Data Mining Problem Solving Algorithms & Their Comparative Study

This paper presents the comparison schemes between mining algos identified by the IEEE International Conference on Data Mining (ICDM), are : C4.5, k-Means, Apriori, FP growth, Page Rank, Ada Boost, kNN, and CART. These algos are among the most influential data mining algorithms in the research community. With each algorithm, we provide a description of the algorithm, comparison between these algos, discuss the impact of the algorithm, and review current and further research on the algos. These algorithms cover classification.

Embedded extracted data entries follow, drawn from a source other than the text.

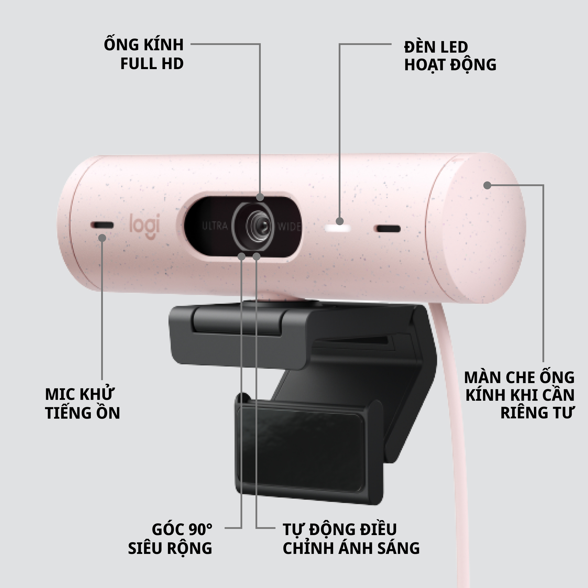 Webcam Logitech Full HD Brio 500 Thể hiện cảm giác tự tin, được nhìn thấy và được nghe thấy trong mọi cuộc gọi điện video. Logitech Brio 500 bao gồm các tính năng như tự động điều chỉnh ánh sáng trong điều kiện ánh sáng yếu, tự động đóng khung để bạn có thể di chuyển trong khi gọi và Chế độ hiển thị để trình bày các đối tượng trên bàn làm việc của bạn. Webcam Brio 500 tạo ra trải nghiệm cuộc họp Google, Teams hoặc Zoom chân thực hơn, cho phép bạn kết nối thực sự với những người khác. CÁC ĐẶC ĐIỂM NỔI BẬT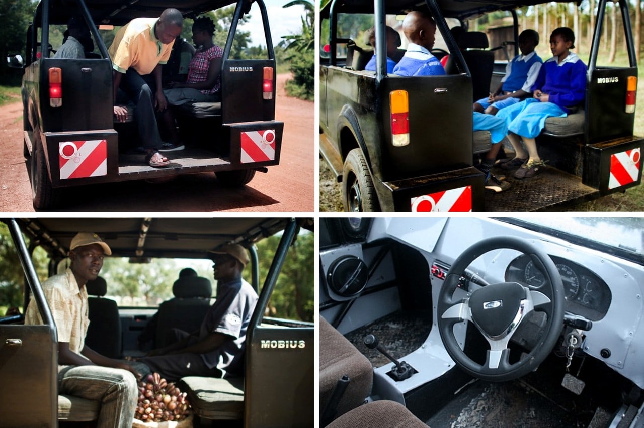 “Des services de transport efficaces sont fonction de la pertinence des véhicules eux-mêmes. Alors que le marché du transport en Afrique est vaste avec 60 milliards de dollars par an, il est déconnecté de l’industrie africaine avec 98% des voitures importées. Les centaines d’acheteurs et de services de transport aux utilisateurs finaux que nous avons interrogés à travers le Kenya ont besoin de véhicules abordables et fonctionnels, mais la plupart des véhicules à travers le continent ne sont tout simplement pas conçus à cette demande. Sans changement fondamental des véhicules à destination de l’Afrique et d’une amélioration du réseau de transport, les millions de ses habitants les plus défavorisés resteront isolés. Pour servir le marché africain, Mobius Motors a donc ré-imaginé la voiture africaine… et fortement simplifié les véhicules en excluant les technologies coûteuses tels que l’air conditionné, les luminaires d’intérieur et même en supprimant les vitrages latéraux, tout en maximisant la fonction des suspensions.. Le résultat est un véhicule avec la fonctionnalité clé d’une voiture tout-terrain apte à parcourir de longues distances sur des routes cahoteuses de terre, vendu à un prix similaire aux omniprésents pousse-pousses urbains motorisés à 3-roues, qui ne peuvent pas parcourir de longues distances de manière efficace. Mobius vise à habiliter les entrepreneurs de transport à travers l’Afrique non seulement avec des véhicules plus appropriés, mais avec le financement et le conseil aux entreprises nécessaires à l’exploitation d’une entreprise de transport durable. Ainsi qu’en exploitant les deux modèles existant, Mobius-1 et Mobius-2…, les entreprises africaines peuvent ainsi utiliser leurs voitures Mobius modulaires pour exploiter une gamme d’autres services tels que les autobus scolaires locaux, la livraison du courrier et les soins médicaux mobiles. La croissance endogène des entreprises de transport créera un changement systémique dans la capacité et l’utilité du réseau des transports en Afrique”.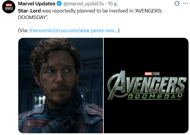 Według informacji od Alexa Pereza Star-Lord ma powrócić w filmie AVENGERS: DOOMSDAY, jednak ma on być jedynym ze Strażników, którzy mają mieć miejsce w najnowszej produkcji braci Russo.

1. Introduction: Data mining is a broad area that integrates techniques from several fields including machine learning, statistics, pattern recognition, artificial intelligence, and database
systems, for the analysis of large volumes of data. There have been a large number of data mining algorithms rooted in these fields to perform different data analysis tasks. In an effort to identify some of the most influential algorithms that have been widely used in the data mining community, the IEEE International Conference on Data Mining (ICDM), identified the algorithms in data mining. The algorithms identified by the IEEE International Conference on Data Mining (ICDM), and presented in this article are among the most influential algorithms for classification [9], clustering [11,4], association analysis [13,7], and link mining. We hope this survey paper can inspire more researchers in data mining to further explore these algorithms, including their impact and new research issues.
1.1    C4.5 and beyond:
1.1.1    Introduction: Systems that construct classifiers are one of the commonly used tools in data mining. Such systems take as input a collection of cases, each belonging to one of a small number of classes and described by its values for a fixed set of attributes, and output a classifier that can accurately predict the class to which a new case belongs. These notes describe C4.5 [6], a descendant of CLS [4] and ID3 [6]. Like CLS and ID3, C4.5 generates classifiers expressed as decision trees, but it can also construct classifiers in more comprehensible rule set form.
1.1.2    Decision tress: Given a set S of cases, C4.5 first grows an initial tree using the divide-and-conquer algorithm as follows:
•    If all the cases in S belong to the same class or S is small, the tree is a leaf labeled with the most frequent class in S.
Otherwise, choose a test based on a single attribute with two or more outcomes. Make this test the root of the tree with one branch for each outcome of the test, partition S into corresponding subsets S1, S2, . . .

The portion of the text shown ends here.